[RECORD EXCERPTS — start]
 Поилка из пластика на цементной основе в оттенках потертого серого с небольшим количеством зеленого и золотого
[RECORD EXCERPTS — finish]
[RECORD EXCERPTS — start]
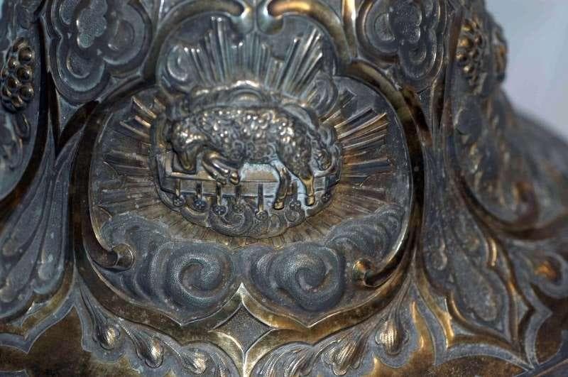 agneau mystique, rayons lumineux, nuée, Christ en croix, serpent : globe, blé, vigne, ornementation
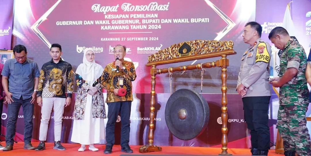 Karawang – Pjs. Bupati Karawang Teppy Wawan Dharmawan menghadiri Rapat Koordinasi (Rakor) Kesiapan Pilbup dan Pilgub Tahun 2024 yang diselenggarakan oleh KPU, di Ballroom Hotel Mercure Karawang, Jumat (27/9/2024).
[RECORD EXCERPTS — finish]
_WORK REQUEST_.
From the material above, reproduce only what runs from the line holding "agneau mystique, rayons" down to the line holding "Karawang – Pjs.", both included, pictures excluded.

_EXPECTED OUTPUT_.
 agneau mystique, rayons lumineux, nuée, Christ en croix, serpent : globe, blé, vigne, ornementation
 Karawang – Pjs. Bupati Karawang Teppy Wawan Dharmawan menghadiri Rapat Koordinasi (Rakor) Kesiapan Pilbup dan Pilgub Tahun 2024 yang diselenggarakan oleh KPU, di Ballroom Hotel Mercure Karawang, Jumat (27/9/2024).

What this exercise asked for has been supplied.